Switches

The warden meets with 23 new prisoners when they arrive. He tells them, “You may meet today and plan a strategy. But after today, you will be in isolated cells and will have no communication with one another.

“In the prison is a switch room, which contains two light switches labeled A and B, each of which can be in either the ‘on’ or the ‘off’ position. I am not telling you their present positions. The switches are not connected to anything.

“After today, from time to time whenever I feel so inclined, I will select one prisoner at random and escort him to the switch room. This prisoner will select one of the two switches and reverse its position. He must move one, but only one of the switches. He can’t move both but he can’t move none either. Then he’ll be led back to his cell.

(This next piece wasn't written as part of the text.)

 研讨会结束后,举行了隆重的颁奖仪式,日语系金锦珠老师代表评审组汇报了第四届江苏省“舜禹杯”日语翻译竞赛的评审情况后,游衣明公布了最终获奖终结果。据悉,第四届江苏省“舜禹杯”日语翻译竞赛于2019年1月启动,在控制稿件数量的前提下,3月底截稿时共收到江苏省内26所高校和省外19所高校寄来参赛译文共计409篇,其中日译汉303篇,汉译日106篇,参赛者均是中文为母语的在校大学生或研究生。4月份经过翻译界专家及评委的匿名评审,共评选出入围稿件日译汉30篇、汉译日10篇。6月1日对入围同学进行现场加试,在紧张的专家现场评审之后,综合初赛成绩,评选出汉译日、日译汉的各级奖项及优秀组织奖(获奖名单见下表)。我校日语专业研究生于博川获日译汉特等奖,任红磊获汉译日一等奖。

“No one else will enter the switch room until I lead the next prisoner there, and he’ll be instructed to do the same thing. I’m going to choose prisoners at random. I may choose the same guy three times in a row, or I may jump around and come back.

“But, given enough time, everyone will eventually visit the switch room as many times as everyone else. At any time anyone of you may declare to me, ‘We have all visited the switch room.’ and be 100% sure.

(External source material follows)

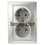 Розетка двойная 2-я серии Intro Plano скрытой установки цвет алюминий 1-205-03. Номинальные характеристики 16А 250В. Розетка выполнена из керамики, укомплектована одноместной рамкой, оснащена винтовыми клеммами. Клеммы с двумя отверстиями позволяют соединять соседние розетки шлейфом. Установка в подрозетник производится как на монтажные лапки, так и на винты.

“If it is true, then you will all be set free. If it is false, and somebody has not yet visited the switch room, you will be fed to the alligators.”

What is the strategy they come up with so that they can be free?

Solution

I haven’t written up a solution for this yet, but smarter people than I have described some on the discussion forum.

You can read their thoughts here.

2026 Update: The Light Switch Puzzle — State Encoding and Gray Code

Switch puzzles (e.g., “3 switches control 3 lights in another room, you can only visit once — identify which switch controls which light”) appear in interviews and connect to binary encoding and Gray code.

Classic solution: Toggle switch 1 for 10 minutes (bulb heats up), turn it off. Turn switch 2 on, enter room. Hot+off=switch 1, on=switch 2, cold+off=switch 3.

def light_switch_puzzle():
    """
    Simulate the 3-switch, 3-bulb puzzle with observable states:
    - is_on: currently on
    - is_warm: was on recently (was switch 1)
    """
    import random

    # Hidden mapping (unknown to solver)
    secret = {0: 'A', 1: 'B', 2: 'C'}  # switch → bulb

    # Solver's strategy:
    # Step 1: Turn switch 0 on for time T (makes bulb warm)
    # Step 2: Turn switch 0 off, turn switch 1 on
    # Step 3: Observe: on=switch1, warm+off=switch0, cold+off=switch2

    bulb_states = {}
    for switch, bulb in secret.items():
        if switch == 0:
            bulb_states[bulb] = ('off', 'warm')
        elif switch == 1:
            bulb_states[bulb] = ('on', 'cold')
        else:
            bulb_states[bulb] = ('off', 'cold')

    # Decode
    result = {}
    for bulb, (power, temp) in bulb_states.items():
        if power == 'on':
            result[bulb] = 'switch 1'
        elif temp == 'warm':
            result[bulb] = 'switch 0'
        else:
            result[bulb] = 'switch 2'

    return result

# Information theory: n bulbs identified with k visits
# Each visit: observe 2^n states. Need to identify n! possibilities.
# Min visits = ceil(log_{2^n}(n!)) ... but with physical constraints (heat) = 1 visit for 3

# Gray code: encoding sequences of switches where adjacent states differ by 1 bit
def gray_code(n: int) -> list:
    """Generate n-bit Gray code — consecutive codes differ by exactly 1 bit."""
    if n == 0:
        return [0]
    lower = gray_code(n - 1)
    return lower + [x | (1 < list:
    """G(i) = i XOR (i >> 1)"""
    return [i ^ (i >> 1) for i in range(2**n)]

print(gray_code_iterative(3))
# [0,1,3,2,6,7,5,4] in decimal
# [000,001,011,010,110,111,101,100] in binary
# Consecutive values always differ by exactly 1 bit

# Gray code applications:
# - Rotary encoders: adjacent physical positions → adjacent Gray codes
#   (no ambiguous intermediate states during rotation)
# - Karnaugh maps: rows/columns ordered in Gray code for easy minimization
# - Error correction: if 1 bit flips in transmission, only adjacent value is received

Interview connections: Switch puzzles test lateral thinking and state encoding. The deeper question is: “How much information can you extract per observation?” — fundamental to information theory. Gray code solves the “transition problem” in digital systems where multiple bits changing simultaneously cause glitches — used in ADCs, rotary encoders, and digital communications.